20130806-173210.jpgDuring Sojourners CEO Jim Wallis’ recent appearance on HBO’s Real Time with Bill Maher, he dodged host Bill Maher’s pointed question regarding LGBT rights by claiming how “Jesus didn’t talk about homosexuality.” Instead, this progressive evangelical leader continued to kick LGBT people under the civil rights bus by directing the conversation toward immigration reform and quoting those verses in Matthew 25 that address the need to welcome and care for the stranger.

While Wallis encourages Christians to speak out for a more inclusive America, he warns LGBT activists to stay out of this debate because now is the wrong place and time to resolve such a contentious issue. Jim Aravosis, editor of AMERICAblog, corrects any assumption that LGBT advocacy on immigration reform represents a move to legalise same-sex marriage. “It’s about gay couples being ripped apart by the US immigration system because their relationships aren’t recognised as legitimate. If they were straight, their spouses could stay. But because they’re gay, they can’t.”

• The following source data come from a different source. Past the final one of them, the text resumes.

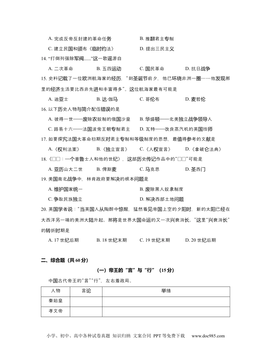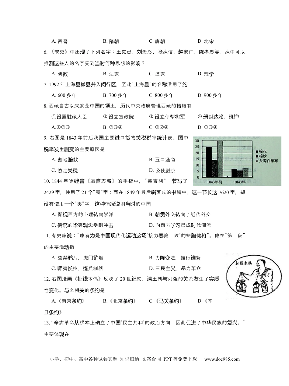 小学、初中、高中各种试卷真题知识归纳文案合同PPT等免费下载www.doc985.com闵行区2019-2020学年第一学期期末考质量监测高三年级历史学科试卷2019.12注意:1.本卷和答部分,所有答必在答上,做在卷上一律无效检测设试题纸两题须写题纸试。答卷上的一一,答特注意,不能位。题纸与试试题编号对应题时应别错2.检测时间60分,卷分钟试满100分。一、选择题(以下每小题2分,共40分,每只有一正确)题个选项1.字是中文明的重要体,下列片中最早具了字成基本形式的是汉华载图备汉构A.灰陶尊符号B.甲骨卜辞C.毛公鼎金文D.秦竹小篆简2.“是一三百年之久的跨世大,儒墨雄,儒道,儒法用,可这场历时纪辩论争争锋争谓纵横,机迭起,智慧呈。”材料中“”的核心是捭阖锋纷争问题A.政治治的力争夺统权B.求社定展的途寻会稳发径C.霸主的地位争夺学术D.探家一的途寻国实现统径3.下列中,右漫正确的是选项与图画对应A.“民休息”——文帝与汉B.“削藩”——景帝汉C.“推恩令”——武帝汉D.“柔道”治——光武帝国4.江(?—统310年)《徙戎》中道:“中之八百余万口,率其少多,戎狄居半。”文论写关中的“戎狄”主要是指A.匈奴和卑鲜B.突厥吐蕃与C.契丹党与项D.蒙古女与真5.“苦子弟,皆廉自勉,埋首窗下……即子弟,亦知苦,以科第,否富贫类谨纨绔读获则虽不。”材料中描述的象最早出在荣现现小学、初中、高中各种试卷真题知识归纳文案合同PPT等免费下载www.doc985.comA.西晋B.隋朝C.唐朝D.北宋6.《宋史》中出了下列名字:王克己、先忍、信、安仁、孝忠等。中可以现刘张从赵陈从推些人的名字受到何思想的影?测这当时种响A.佛教B.法家C.道家D.理学7.1992年上海撤入行,至此“上海”的名沿用了县县并闵区县称约A.600多年B.700多年C.800多年D.900多年8.西藏自古以就是中的土,代中央政府管理西藏的措施有来国领历①置藏大臣设驻②立宣政院设③立伊犁设将军④封、班册达赖禅A.①②③B.②③④C.①②④D.①③④9.右是图1843年前后我主要口物率表。中国进货关税税统计图率生的主要原因是税发剧变A.割地款赔B.五口通商C.定协关税D.公使京进10.1844年徐《瀛寰志略》的手稿中,“英吉利”一了继畲节写2429字,使用了21“夷”字;而在个1849年最后著成的稿中,一辑书这节长达7620字,却有使用一“夷”字。情明的中没个这种况说当时国A.鄙西方的心理向崇洋视转B.朝外交向了近代外交贡转C.的夷念受到冲传统华观击D.向西方己成代潮流学习时11.有史家:“康有是中代化‘接力第二段’的短健”。他在“第二段”说为国现运动这场赛跑将的主要活指动A.査禁片,虎烟鸦门销B.力法,推行新陈变维C.夷技,兵制器师长练D.三民主,暴力革命义12.右漫《木偶》反映了图画扯线20世初,王朝列强的系生了纪清与关发实质性化。之相的是变与关条约A.《南京》条约B.《北京》条约C.《》马关条约D.《辛丑》条约13.“辛亥革命根本上确立了中‘民主共和’的政治方向,因此促了中民族的。”从国进华复兴主要体在现小学、初中、高中各种试卷真题知识归纳文案合同PPT等免费下载www.doc985.comA.完成反帝反封建的革命任务B.推翻君主制专C.建立民和布《法》国颁临时约D.提出三民主义14.“打倒列强除军阀......”一歌源自这谣A.二次革命B.五四运动C.民革命国D.抗日战争15.史料了一位洲航海家的,“到前夕,他已非洲一……他那记载欧经历圣诞节环绕圏发现里的生活要比西非先和丰富得多”。位航海家最有可能是经济进这A.迪士亚B.达·伽马C.哥布伦D.哲麦伦16.以下史人物介配伍的是历与简错误A.彼得一世——除奴制的俄沙皇废农国B.盛——北美立人华顿独战争领导C.路易十六——法波旁王朝制君主国专D.瓦特——改良蒸汽机的英技国师17.如要探法大革命初期反君主制和等制度的思想,最得考的文是宄国对专级值参献A.《利法案》权B.《立宣言》独C.《人宣言》权D.《拿破法典》仑18.《□□:—普士人和他的世》,部史作品中的“□□”可能是个鲁纪这历传记A.山大二世亚历B.俾斯麦C.克思马D.西圣门19.美南北中,林肯政府要解的根本是国战争决问题A.家一维护国统B.除黑人奴隶制度废C.取民族立争独D.解西部土地决问题20.英者:“英人陶醉中醒,猛然看帝上...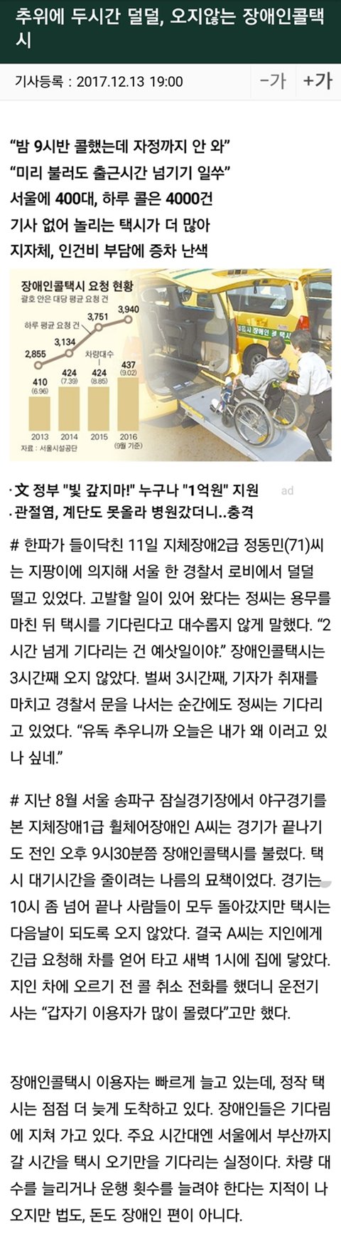 이렇다 보니 장애인 콜택시로는 시간 약속을 제대로 지킬 수 없고, 특히 저녁에는 사람을 만나도 귀가할 때까지 3시간이고 4시간이고 차를 기다려야 하는데, 밤늦은 시간에는 식당이나 카페가 대부분 문을 닫기 때문에 길바닥에서 대기하고 있어야 할 때가 많습니다.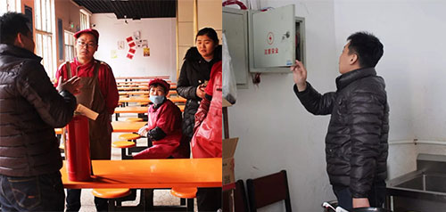田主任對(duì)于侯科長提出的問題一一記錄,并當(dāng)場要求工作人員整改,確保學(xué)生用餐萬無一失。之后,侯科長又對(duì)學(xué)校的消防安全進(jìn)行了檢查,對(duì)存在安全隱患的情況提出整改,并現(xiàn)場教餐廳工作人員如何使用滅火器。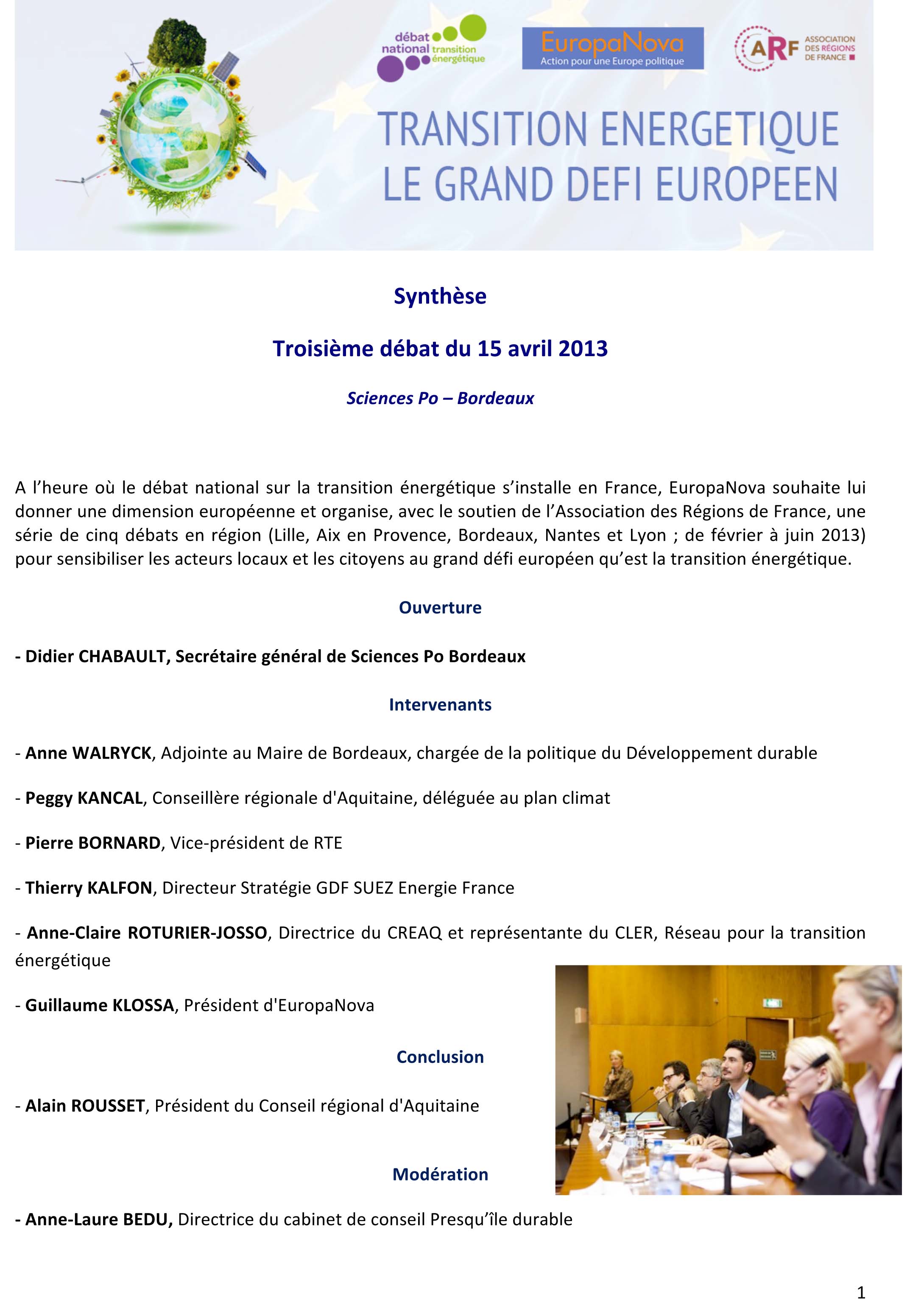 Le think tank EuropaNova contribue à intégrer la dimension européenne dans le débat national sur la transition énergétique à travers une série de cinq débats en région (Lille, Aix en Provence, Bordeaux, Nantes et Lyon). Cette synthèse récapitule les interventions du troisième débat qui s'est déroulé dans les locaux de Sciences Po à Bordeaux.

When promoting his latest book in April 2013, Wallis’ agreed that same-sex couples should be included in the need for the overall renewal of marriage in contemporary culture. While his views on LGBT rights seem to have shifted slightly from 2011 when Sojourners rejected an LGBT welcome ad from the pro-LGBT Christian organisation Believe Out Loud (www.believeoutloud.com), Sarah Posner notes at Religion Dispatches, “Wallis doesn’t come right out and say he supports marriage equality, but embarks on a Heritage Foundation-inflected lecture about ‘recovenanting, reestablishing, renewing marriage.'”

In The Guardian’s “Belief” section, Jim Naughton debunked Wallis’ claim to represent the religious left while pandering to the religious right on this key issue.

Either one is the face of a movement whose values one embraces and espouses, or one practises circumspection to play the honest broker, the great convener, the architect of the grand synthesis. Wallis still wants to be both, and this is now manifestly unhelpful to LGBT people and their supporters.

Even though Wallis latest book title claims he’s On God’s Side, do his media friendly soundbites about Jesus’ love for the least of these include LGBT people? If so, what prevents him from uniting with those religious leaders and secular voices who have strived for decades to create spaces that welcome the contributions of women, people of colour and LGBT people? In particular, how will he champion the rights of binational gay and lesbian couples?

These questions should be asked yet again when Wallis arrives in the UK later this month to speak at the Greenbelt Festival. Hopefully, these attendees will require this self-proclaimed progressive evangelical leader to demonstrate prophetic action regarding LGBT rights instead of issuing vague platitudes.

Meanwhile, during a visit to the US Embassy in London, Secretary of State John Kerry stated the State Department was “tearing down an unjust and an unfair barrier that for too long stood in the way of same-sex families being able to travel as a family to the United States.” Effective immediately, the U.S. visa system will now treat same-sex married couples just as it does other married couples in issuing spousal visas.

So looks like the rest of the country is moving ahead while Wallis and his ilk continue to be left behind.